For custom CNN models, Vivek Bheda et. al. used a deep convolutional network to classify ASL with alphabets and digits. The proposed network had 3 cascaded convolutional layers and 1 max-pooling layer. There are two hidden layers with dropout before connecting to the output layer. Accuracy of 82.5% had been reported [7].

Ameen. S. et. al. separated the image and depth information from Microsoft Kinect input and used two convolution layers to perform feature extraction on each of them. Both extracted feature maps were combined in the second stage of convolution before passing to the classifier. The reported precision and recall were 82% and 80% respectively [15].

Similar architecture was used by Pigou. L. et. al. to extract hand features and upper body features separately from Microsoft Kinect dataset. Each CNN was three layers in depth. They had reported an accuracy of 91.7% [8].

For transfer learning, Das, A. et. al. used Inception v3 on custom processed static gesture images and obtained an average validation accuracy of 90% [16]. Alashhab. S. et. al. tested on VGG16, VGG19, ResNet, Xception, Inception V3, MobileNet and SqueezeNet. They were dealing with hand gestures detection instead of sign language. There were 5 classes of hand gestures used. The highest accuracy of transfer learning usign MobileNet was

99.45% [11]. Kania, K.et. al. build a network to recognize ASL with reference to the Wide Residual Networks. Data augmentation was used to increase the number of training sets and reported a highest accuracy of 93.3% [12]. Garcia and Viesca used GoogLeNet architecture to recognize 24 classes of sign language with only 70% or reported accuracy [17]. As far as our literature, there was only one work to compare custom CNN model and transfer learning done by Bousbai, K. and Merah, M. Their training set had 1815 coloured images with black background collected from five volunteers. Their custom CNN had a reported efficiency of 98.9%, slightly surpassed the transfer learning model with 97.06% accuracy [18].

In general summary, transfer learning can perform better than most of the custom CNN model when come to pure image recognition. Custom model is only needed usually to cater for the extra input like depth information. Transfer learning model specially designed based on pure images dataset like ImageNet might not doing as good as the custom model. Other than this reason, transfer learning is a more appropriate solution to develop a well performing model. Therefore, it is being used in this paper to enhance the results of our previous work.

3. Concept and Theory

3.1. Convolutional Neural Network (CNN) Architecture

Convolutional Neural Network (CNN) has proven to be very effective to handle image classification problems. It is in use by many industry leaders such as Amazon, Google and Facebook [8]. The convolution layers in the CNN perform multiple discrete convolutions on the input with defined number of trainable weights filters. The filters’ weights were updated during training. After applying filtering on each channel, it will capture the image features such as lines, edges, colors and other visual elements. The deeper the network goes, more complex features like shapes and patterns can be generated. Combining all these features together with the activation functions can produce feature maps which can then pass to the ordinary neural network classifier to correctly classify the object.
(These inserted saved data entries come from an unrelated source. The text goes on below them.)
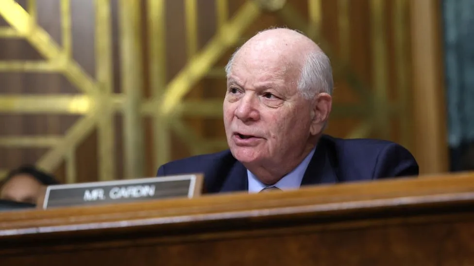 The BBC has not independently verified the video or confirmed the identity of anyone involved. On Monday, Mr Cardin was asked by reporters how an aide would have been able to access the Senate hearing room.
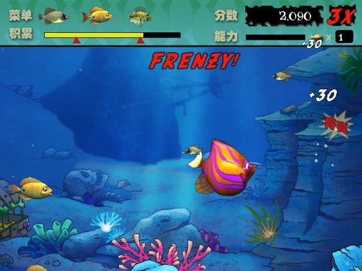 金色小鱼:很少出现,速度极快,吃了它的效果直接完成本级。
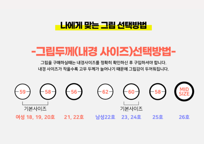 남성용 / 여성용 / 왼손용 / 어린이용
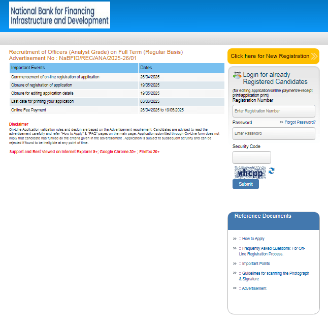 स्टेप 2 – पोर्टल मे लॉगिन करके NABFID Financial institution Analyst Grade Recruitment 2025 मे ऑनलाइन आवेदन करें

Due to significant progress has been achieved in image classification, there were various CNN architectures introduced such as VGG16, ResNet and Inception Net. These models were trained and verified on large-scale annotated datasets like ImageNet and proven to be effective. Instead of constructing the CNN from scratch, leverage on the transfer learning on these architectures can significantly reduce the time required to produce a working model for a particular problem. Moreover, since these models were trained on ImageNet which consists of 1.2 million categorized natural images of 1000+ classes. Using the trained weights as a starting point will definitely help the model to converge faster as compared to training from scratch. As discussed by Shin, H. C. et. al, even though there is a disparity between the ImageNet and our sign language images, the deep architecture which is trained comprehensively can as well generalize on other specific domain problem with only minor fine-tuning training [19]. Among different CNN architectures, MobileNet was employed in this paper because it is an efficient network architecture designed to run on any computationally limited platform.

3.2. MobileNetV1

MobileNet had been introduced as a small networks and it is optimized for latency to match the restricted resource application such as in mobile devices, robotics and self-driving vehicles. These application platforms are not as powerful as a general purpose computer, but still requires comparable recognition accuracy under a timely computation.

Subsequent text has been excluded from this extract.